Apis mellifera meda

Scientific classification
- Kingdom: Animalia
- Phylum: Arthropoda
- Clade: Pancrustacea
- Class: Insecta
- Order: Hymenoptera
- Family: Apidae
- Genus: Apis
- Species: A. mellifera
- Subspecies: A. m. meda
- Trinomial name: Apis mellifera meda Skorikov 1929
- Synonyms: Apis mellifera remipes Bodenheimer 1941 via. Gerstácker

= Apis mellifera meda =

Subspecies of honey bee

Apis mellifera meda is known by the common names of the Median honey bee or the Iranian honey bee. Its range covers the non desert areas of most of Iran and Iraq, but also into southeastern Turkey, across northern Syria as far as the coast of the Mediterranean. Colonies have been observed in the Azarbaijan Iranian highlands at elevations up to 3000 m. Initially based on morphometric evaluation, but then later confirmed with DNA analysis, they belong to the O Lineage (meaning Oriental, from the Near East region) of Apis mellifera.
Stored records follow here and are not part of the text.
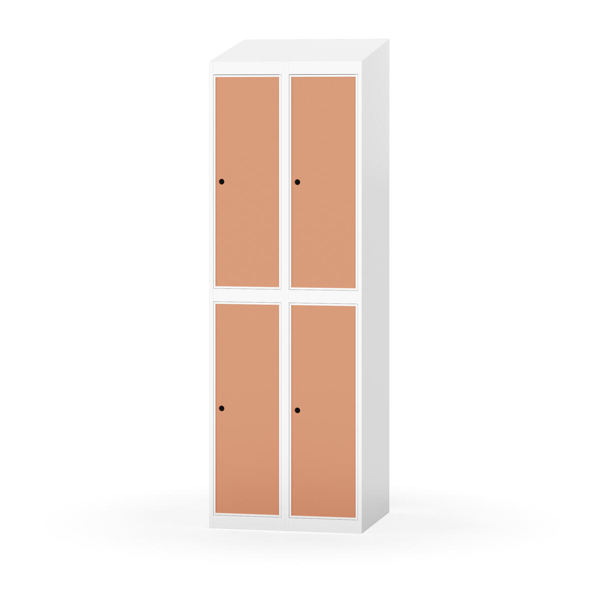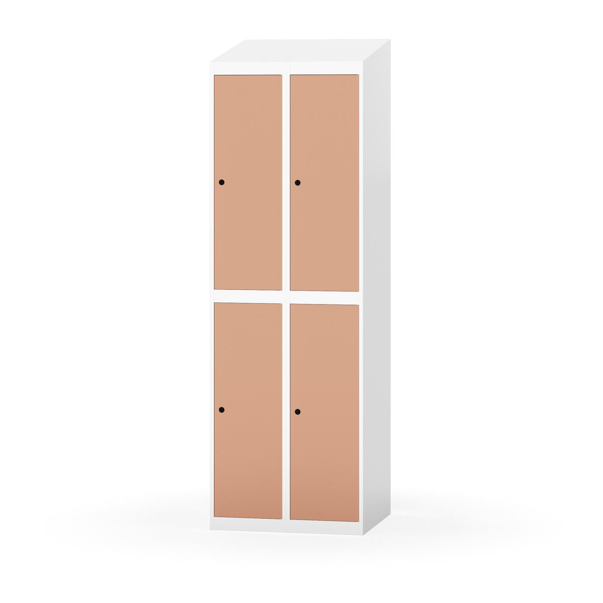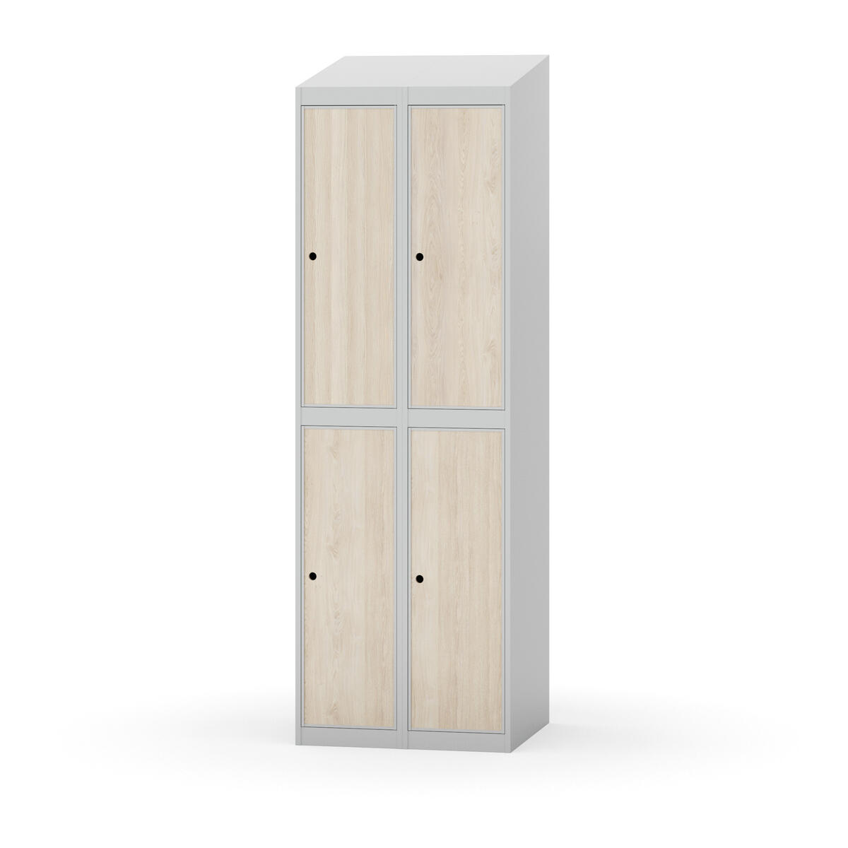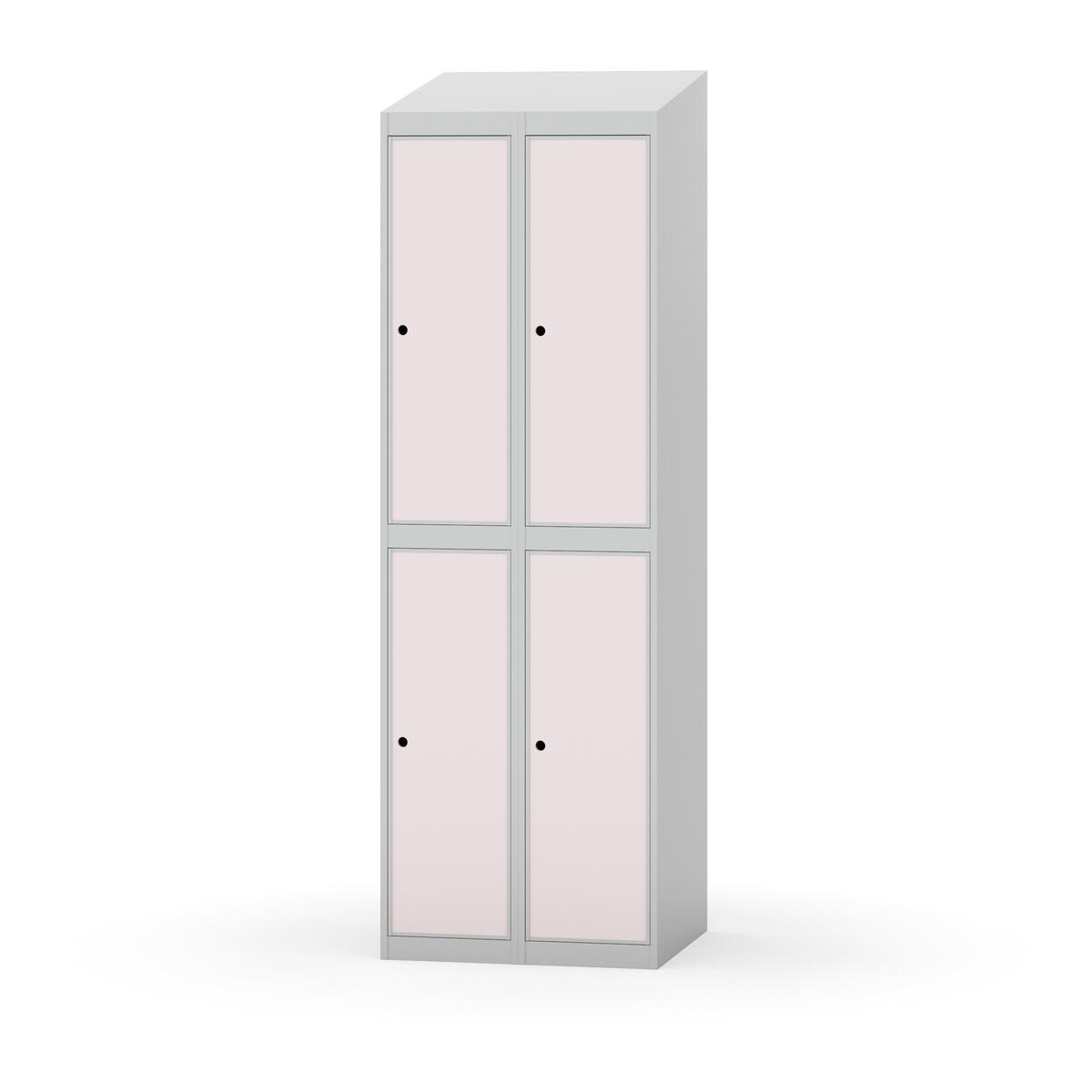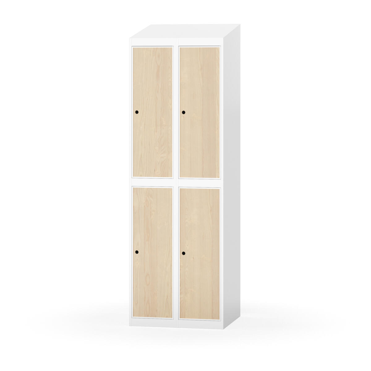 Täysin hitsattu runko. Valittavana pelti- tai korkeapainelaminaattipintainen ovi. Peltiovessa on pysäytin sekä teräsvahvike lukkoreiän ympärillä. Laminaattiovessa on teräskehys ja teräksinen pysäytin. Ovet aukeavat 90°. Sisällä on hylly ja vaatetanko kahdella kaksoiskoukulla. Kaapissa on tasainen pohja ilman kynnystä. Ilmastointireiät pohjassa ja katossa. Lukot ja sokkeli/jalusta tilataan erikseen omilla tuotenumeroillaan. Lukot tulevat asennettuna, sokkeli/jalusta asennetaan toimituksen yhteydessä.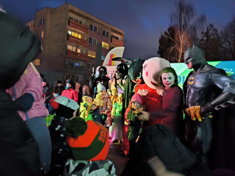 A punktem kulminacyjnym była wizyta superbohaterów z Ligi Superbohaterów. Można więc było zrobić sobie zdjęcie m.in. z Batmanem, świnką Peppą, lordem Vaderem, szturmowcem, pilotem myśliwca TIE. Ale też z księżniczką, czarodziejem, jaskiniowcem... - bo przebrani byli też organizatorzy i niektórzy z uczestników tej karnawałowej imprezy.
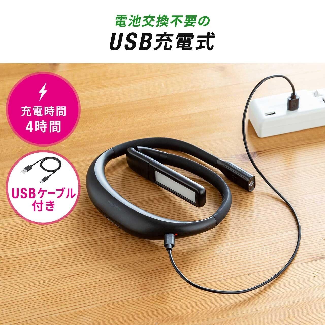 LEDライトは USB充電式 で、充電時間は約4時間です。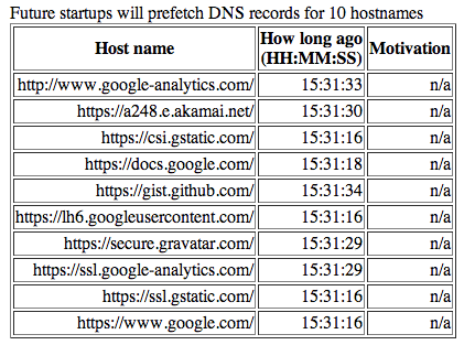 Chrome会记住用户在浏览器启动后前10个最有可能访问的主机名——注意这并不是前10个全局目标站点,而特指全新开启浏览器之后的目标站点。浏览器加载时,Chrome可以为这些可能的目标站点触发DNS预获取行为。如果你对此感兴趣,可以打开一个新标签页浏览地址chrome://dns,看一看你自己的启动主机名列表。在页面顶端,你会找到你profile的前10个最可能启动站点。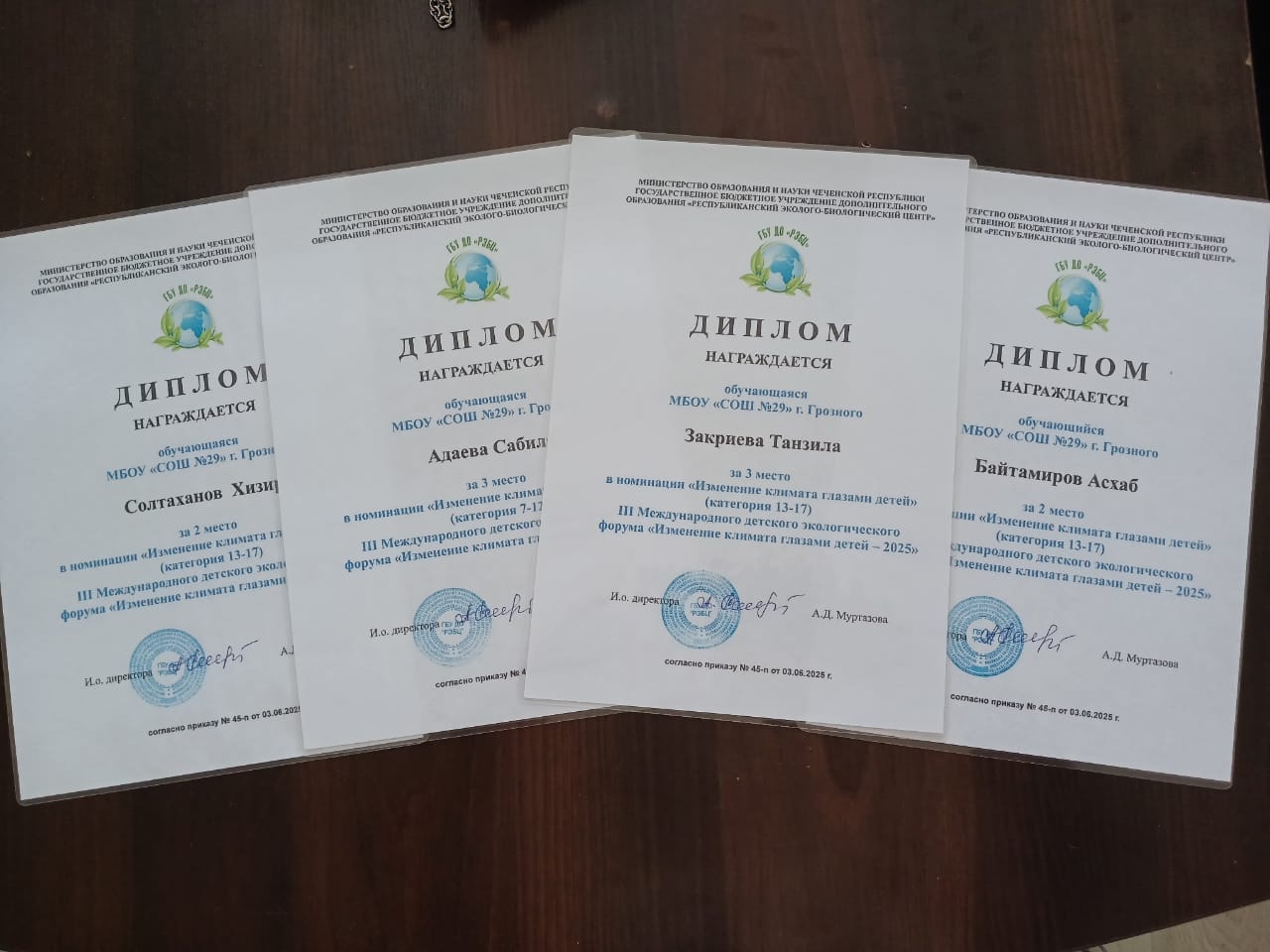 24.07.2025Обучающиеся средней школы №29 города Грозного в количестве четырех человек стали призерами в региональном этапе Международного конкурса рисунков «Изменение климата глазами детей».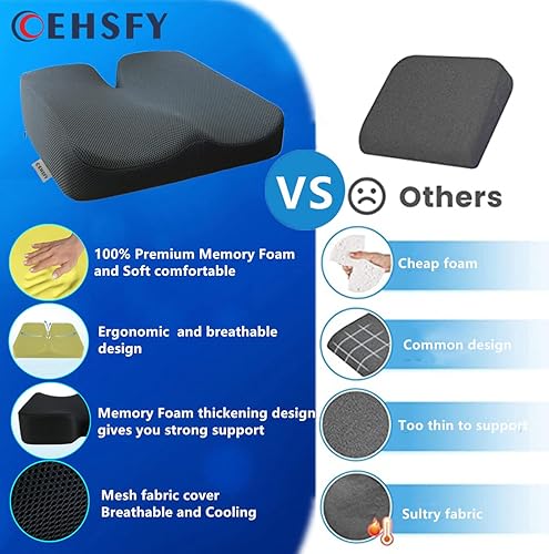 COEHSFY Memory Foam Seat Cushions Coccyx Pad Thicken Widen Strong Support and Comfort for Office Chairs, Car Seat, Dining Gaming Chairs, Wheelchairs.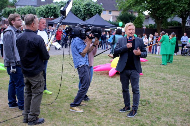 Während dessen rückt der Uhrzeiger auf 19.30 Uhr vor, Zeit nochmal auf den Ehrenhof zu wechseln, denn von dort meldet sich der WDR mit der Samstagsausgabe der Lokalzeit (Extra). Mal zusehen, wie Marc Schulte die Sendung moderiert. Erstaunlicherweise stehen hier kaum Menschen um den Moderator, vermutlich weil es soviel zu sehen gibt, daß eine Kamera und ein Mikrofon mehr oder weniger kaum auffallen. Ich wechsle in den Zollvereinpark weiter hinten auf dem Gelände, als der Regentanz vom frühen Abend Wirkung zeigt, denn es fängt an zu nieseln.

The appearance of the A. m. meda greatly resembles the Apis mellifera ligustica, to such an extent that identification using standard morphometric analysis requires additional measurements to be taken; however, its scutellum (an area of the upper rear thorax) is bright yellow, unlike the A. m. ligustica in which it is predominantly dark.

The A. m. meda has a reputation for a strong swarming tendency, but only with a moderate swarm cell production of 10 to 20 cells. Its adaptation to long winters is presumed due to the fact that, for example, the Zagros Mountains (covering much of its range) can have days with frost for six months of the year. They appear to be heavy users of propolis, and are quick to be alarmed and show aggression towards intruders near the hive, but with a greater tendency to pursue (up to 200m) in the south Iraq region, than the north Azerbaijan Iran region.